Listing 2 shows the relevant part of the assembly code generated from the AIE-API kernel in Listing 1. The label bf16_mac in line 6 marks the entry point of the function. Each of lines 8–26 represents a VLIW instruction, potentially consisting of multiple operations separated by semicolons. For example, the instruction vlda wl2, [p1, #0]; paddb [p0], #32; padds [p3], #32 in line 10 consists of three operations that are not nop. The function parameters ptr_in0, ptr_in1, and ptr_out are passed via the pointer registers P0, P1, and P2.
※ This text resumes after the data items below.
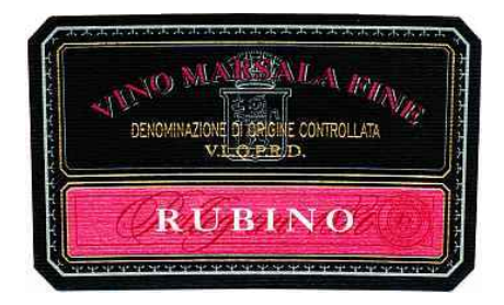
Marsala Fine Rubino Carlo Pellegrino (Italy)

Prices are to be considered as indicative. Prices may vary according to the country or the shop where wines are bought
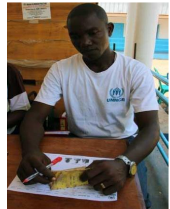
UNHCR employees, members of the National Commission for Refugees and DRC workers are handling the procedure.
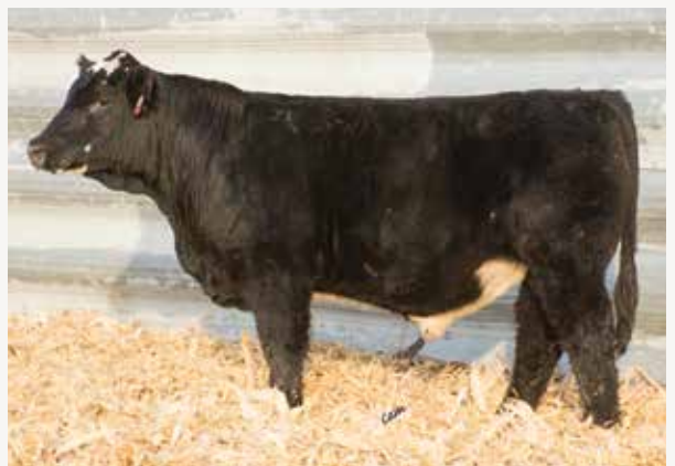
J&C Jacked Up G359

This big bodied baldy has really turned it on since weaning time, turning in a 1400 lb Adj yearling weight. His BC lookout dam is one of my favorites and has done an outstanding job year after year. This bull will sire excellent growth traits and leave some awesome replacements.
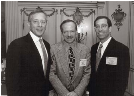
Hot Topics Panel
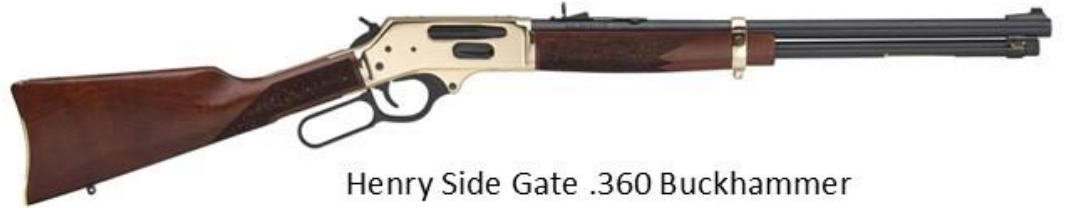
Henry Side Gate .360 Buckhammer Item Number H024-360BH MSRP $1,248.00
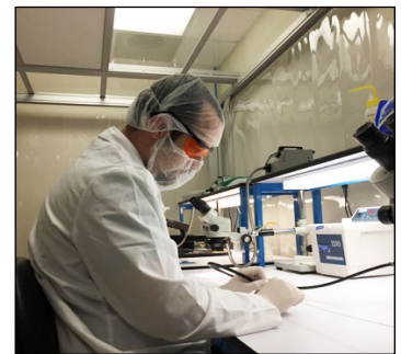
Our development process and its documentation comply with FDA 21 CFR Part 820 as implemented through our ISO 13485 certified Quality System.
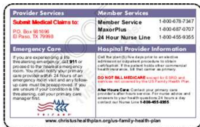
Beneficiary ID Card back

The ID Card above is a sample. The copays shown are examples only.
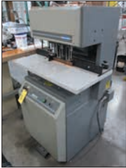
CHALLENGE 3 SPINDLE PAPER DRILL MODEL MS-5
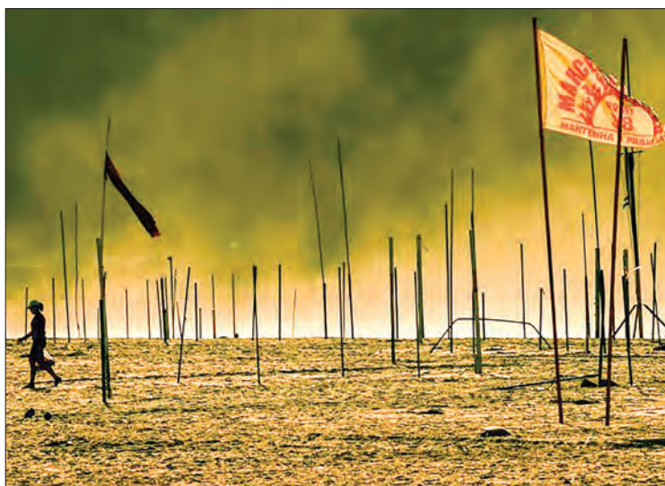
In this photo taken in the early morning of April 13, 2020 a woman walks past flag poles marking where beach kiosks renting chairs and selling drinks would normally be, on Copacabana beach, in Rio de Janeiro, Brazil amid the coronavirus pandemic.

But Bolsonaro, who has railed against stay-at-home measures and face masks, continued his campaign to keep
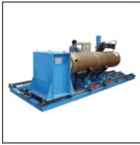
CNC PIPE CUTTING MACHINE
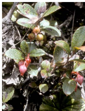
156 Gaultheria amoena
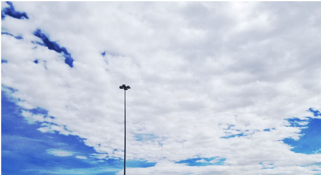
Figure 1: Final Image

For my second clouds image, I wanted to capture something with more color, and more clear cloud definitions, rather than the dark and blending tones of my first. I saw these clouds over US 36, and immediately found the bright blue sky behind this blanket of Stratocumulus eye-catching. This image was taken on an relatively clear afternoon, save for these cloud bands, heading east towards Denver on March 22, 2018 (stopped in traffic near Federal Blvd).
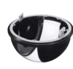
WV-QDC508C Dome Cover
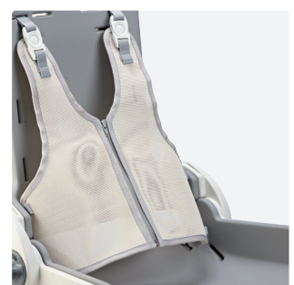
Vests and belts
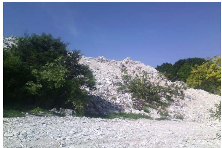
Fig. 1 The ecological damage of the marble waste.

Most people work with minimum wages, few health and safety conditions (Garces et al., 2005). Annually in the area of Tepexi de Rodríguez is generated approximately 145,560 m^3 of waste (Cortes, 2015). These residues put them outdoors causing erosion and infertility in fields (Figure 1) and through decades of exploitation, these dumps have affected the visual environment of the municipality.

We give high-level descriptions of the operations in each instruction:

Line 8nopb; nopa; nops; nopx; mov p3, p0; nopv

  • mov p3, p0: Copy the value in pointer register P0 to P3.
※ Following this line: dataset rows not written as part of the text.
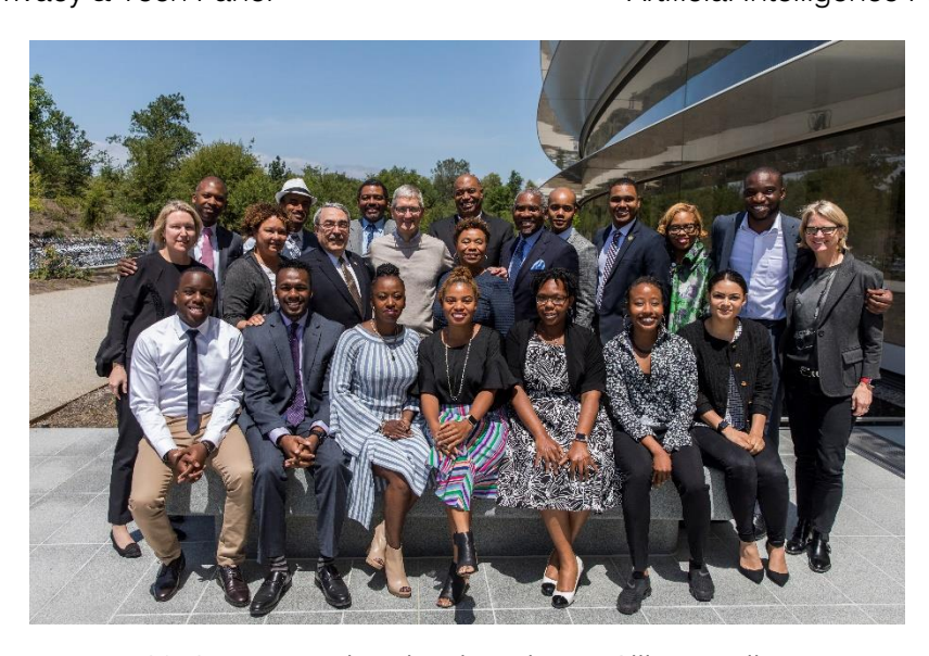
2018 Congressional Delegation to Silicon Valley
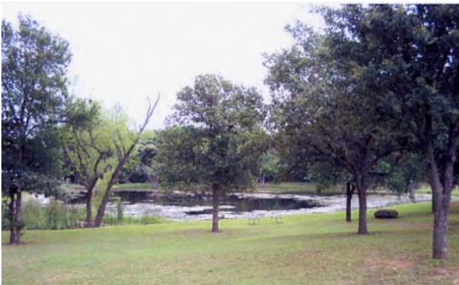
Looking southeast across Pond from near front Gate
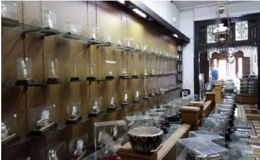
Figure 3. 50. Various Silver Crafts
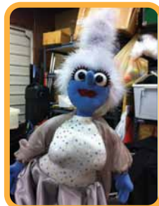
Fairy Humane Mother
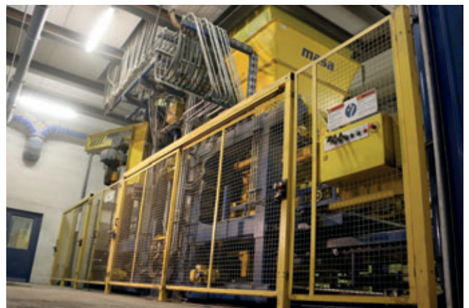
The new Masa XL 9.1 concrete block making machine at the Kann company's Leipzig plant

Line 9vldb wl0, [p0, #0]; mov p0, p1

  • vldb wl0, [p0, #0]: Load 32 bytes (16 BF16 values) from the address in pointer register P0 into the vector register WL0. The lower 32 bytes of the 64-byte register X0 overlap with WL0.

  • mov p0, p1: Copy the value in pointer register P1 to P0.

Line 10vlda wl2, [p1, #0]; paddb [p0], #32; padds [p3], #32

  • vlda wl2, [p1, #0]: Load 32 bytes (16 BF16 values) from the address in pointer register P1 into the vector register WL2.

  • paddb [p0], #32: Increment the value in pointer register P0 by 32.

  • padds [p3], #32: Increment the value in pointer register P3 by 32.

Line 11vlda wh0, [p3, #0]; vldb wh2, [p0, #0]

  • vlda wh0, [p3, #0]: Load 32 bytes (16 BF16 values) from the address in pointer register P3 into the vector register WH0.

  • vldb wh2, [p0, #0]: Load 32 bytes (16 BF16 values) from the address in pointer register P0 into the vector register WH2.

Line 12vlda amhh0, [p2, #32]

  • vlda amhh0, [p2, #32]: Load 32 bytes (8 FP32 values) from the address in pointer register P2 with an offset of 32 into accumulation register AMHH0. The upper 32 bytes of the accumulation register BMH0 overlap with AMHH0.

Line 13vlda amhl0, [p2, #0]

  • vlda amhl0, [p2, #0]: Load 32 bytes (8 FP32 values) from the address in pointer register P2 into accumulation register AMHL0. The lower 32 bytes of the accumulation register BMH0 overlap with AMHL0.

Line 17mova r0, #28

  • mova r0, #28: Write the value 28 into the 4-byte general purpose register R0.

Line 18vmac.f bmh0, bmh0, x0, x2, r0

  • vmac.f bmh0, bmh0, x0, x2, r0: Perform a matrix-matrix multiplication where the matrices in the vector register X0 and X2 are multiplied. The FP32 values of the matrix in BMH0 (second occurrence in the operation) are added to the multiplication result. After adding, the final result is stored in BMH0 (first occurrence in the operation).

    Register R0 is used as a configuration register, where the value 28 corresponds to the BF16 4×8×4 matrix-matrix multiplication.

Line 21ret lr

  • ret lr: Write the address in the link register to the program counter. This operation has a 6-cycle latency, meaning the next 5 instructions are executed during the delay slots.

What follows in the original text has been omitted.